This Amendment to the Genuine Parts Company Amended and Restated 2015 Incentive Plan (the "Plan"), has been adopted by the Board of Directors and approved by the shareholders of Genuine Parts Company (the "Company"), to be effective as of April 29, 2024.

1. The Plan is hereby amended by deleting Article 3 and replacing it with the following:

"ARTICLE 3
EFFECTIVE TERM OF PLAN

3.1. EFFECTIVE DATE. The Plan became effective on November 17, 2014 (the “Effective Date”) upon adoption by the Board, and was approved by the Company’s shareholders on April 27, 2015. The Plan was amended and restated by the Board effective as of February 12, 2024, and was further amended by approval of the shareholders on April 29, 2024, to extend its term as provided in Section 3.2.

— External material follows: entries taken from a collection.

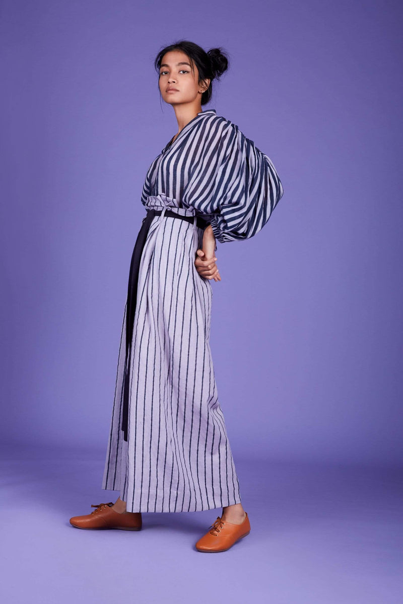 An interesting and modern take of a stripe shirt. With a simple placket in front and elastic on the sleeves it gives a chic look from the front. From the side it surprises with intricate pleated shoulders and makes a statement.Team it up with our stripe pants and sport it as a set.
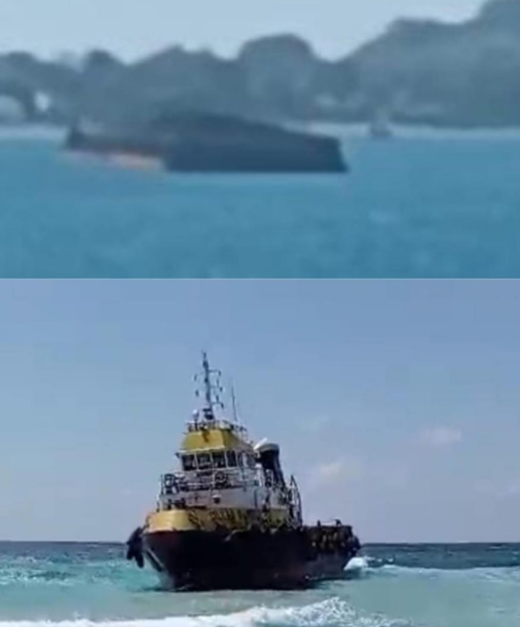 Sebuah kapal Tugboat Rimau 31 beserta tongkang muatan batu bara mengalami kandas dan menabrak terumbu karang di perairan tersebut.
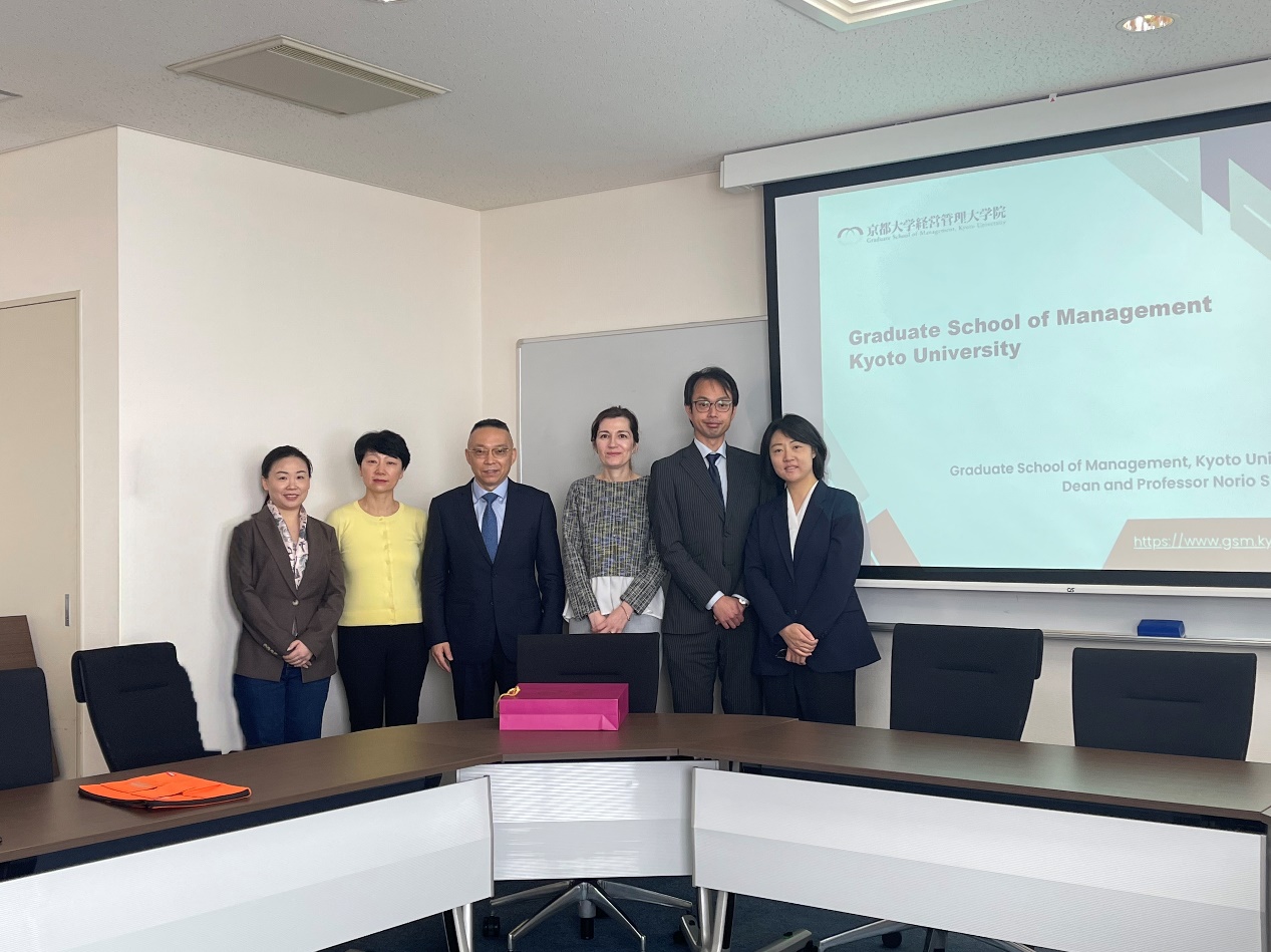 图为代表团与京都大学经营管理大公司国际事务委员会主席科尔潘·阿斯利(Asli M. Colppan)(左四)会面
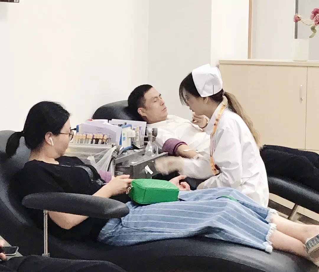 志愿者們到達新華醫院獻血點,在工作人員的引導下,填表、體檢,向急需輸血救治的病人,傳遞一份份“紅色”正能量,為生命續航。
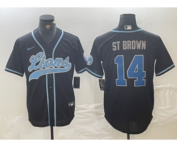 Men's Detroit Lions #14 Amon-Ra St. Brown Black Cool Base Stitched Baseball Jersey
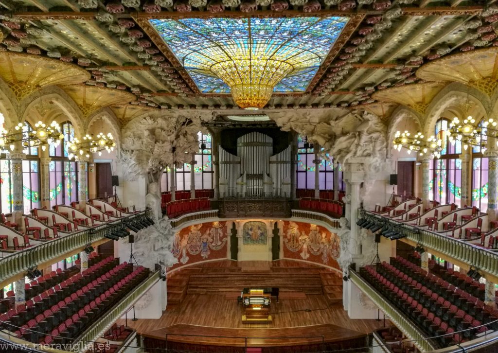Este último día fuimos en primer lugar al Palau de la Música Catalana a adquirir entradas para la próxima visita guiada en español. Como teníamos alrededor de una hora y media de margen, visitamos el fotomosaico \’El mundo nada en cada beso\’, popularmente conocido como el Mural del Beso, así como una parte del barrio Gótico que nos habíamos dejado el día anterior: el Claustro de la Catedral (de acceso gratuito), el Pont del Bisbe, un bonito arco gótico construido en el carrer del Bisbe, y la Plaza de San Jaime, donde se ubican el Ayuntamiento de Barcelona y el Palau de la Generalitat.
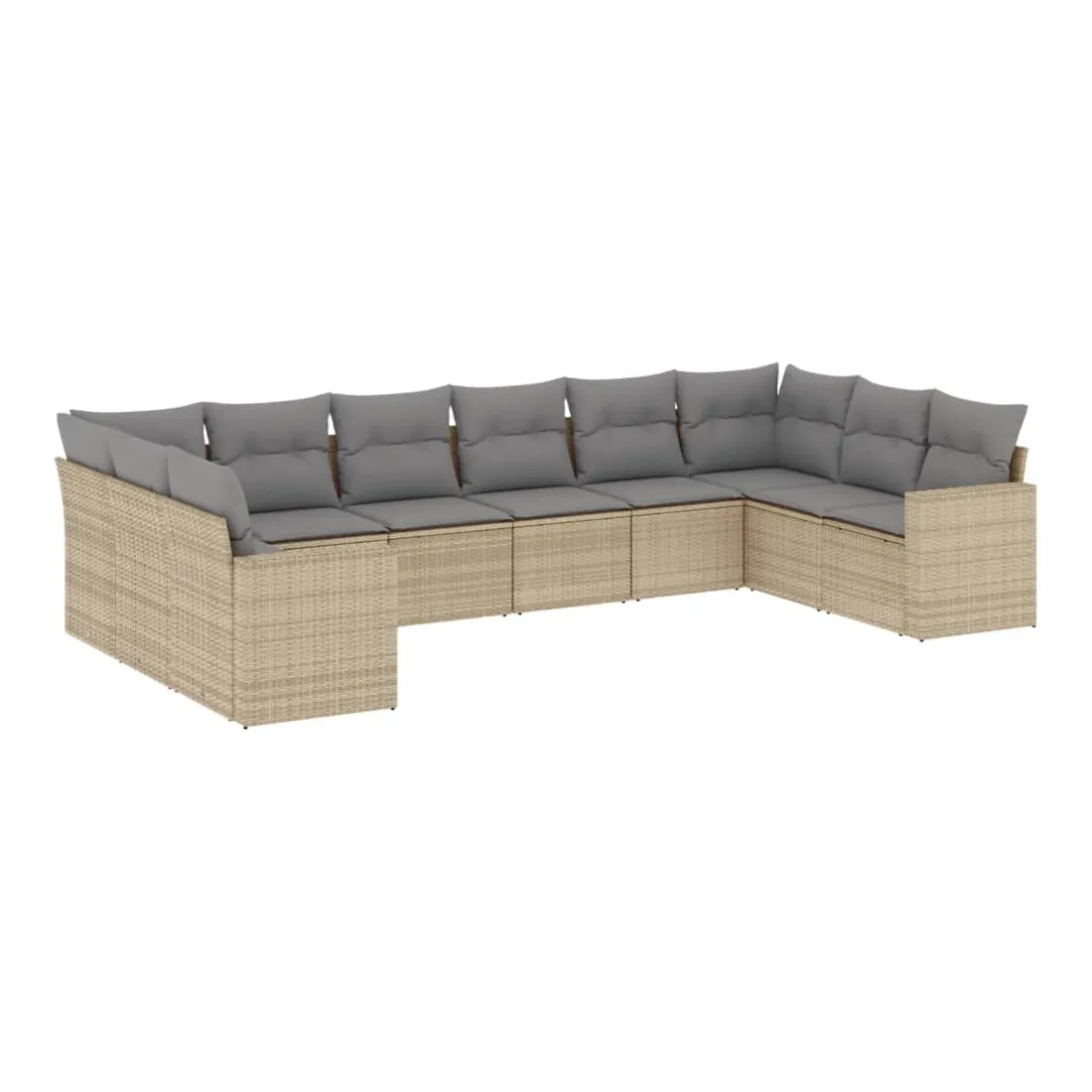 Salon de jardin avec coussins 10 pcs beige résine tressée
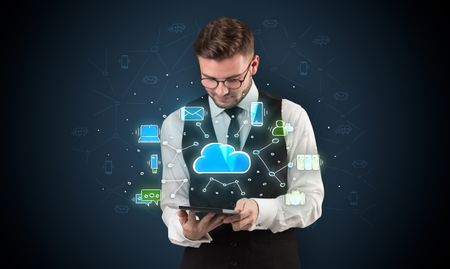 Chalk drawn cloud technology symbols on a tabled handled by businessman
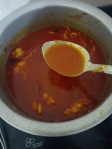 8. Mix well , if your curry is too thick .Turn off  the flame once and rest for at least 15 to 20    mins before serving. The gravy will thicken a bit after cooling so turn off accordingly. Once taste test and add more salt.
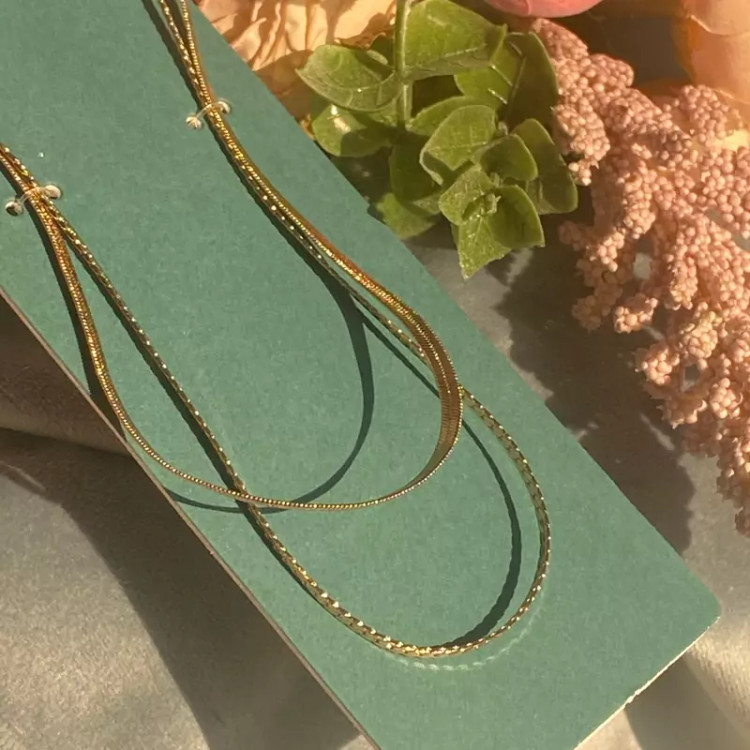 گردنبند ماری زنجیر ماری طلایی دخترانه دو لاین مناسب استفاده مداوم بدون برخورد الکل و استحمام ضد حساسیت ارسال فوری به سراسر ایران گردنبند جدید دخترانه و زنانه شیک با تخفیف ویژه از ترب و باسلام به مدت محدود زیورآلات و بدلیجات شیک و جدید مجلسی با قیمت مناسب و ارزن و کیفیت بالا زیورآلات جدید طرح طلا زنانه و دخترانه خرید و فروش انواع گوشواره و گردنبند و پابند و انگشتر ،دستبند ،بدل ،استیل و نقره معتبرترین فروشگاه اینترنتی فروش اکسسوری و زیورآلات زنانه و دخترانه شیک با بیش از 4 سال سابقه ی فروش انلاین موفق با بیش از 5000 محصول متنوع در دو فروشگاه فعال برف گالری و زیورآلات سواروسکی این فروشگاه با اختلاف متنوع ترین فروشگاه زیورآلات زنانه و دخترانه در باسلام و ترب میباشد. فوق العاده زیبا و خاص با کیفیت درجه یک وارداتی به سفارش المان اکسسوری شیک
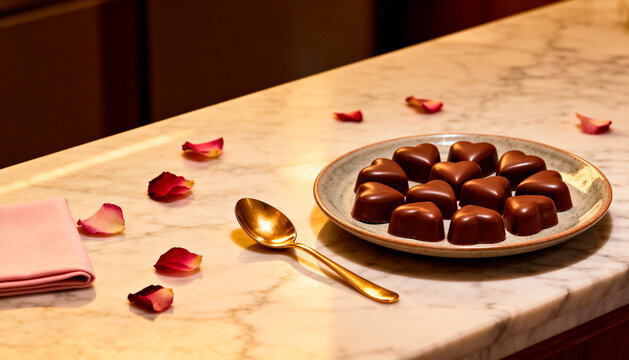 Wide shot 16:9 of a marble countertop with a ceramic plate full of artisanal heart-shaped chocolates, a gold spoon, rose petals, and a small soft-pink napkin. Warm side light creates elegant depth, lu

3.2. TERMINATION OF PLAN. Unless earlier terminated as provided herein, the Plan shall continue in effect until April 29, 2034, or if the shareholders approve an amendment to the Plan that increases the number of Shares subject to the Plan, the tenth anniversary of the date of such approval. The termination of the Plan on such date shall not affect the validity of any Award outstanding on the date of termination, which shall continue to be governed by the applicable terms and conditions of the Plan."

2. Except as expressly amended hereby, the terms of the Plan shall be and remain unchanged and the Plan as amended hereby shall remain in full force and effect.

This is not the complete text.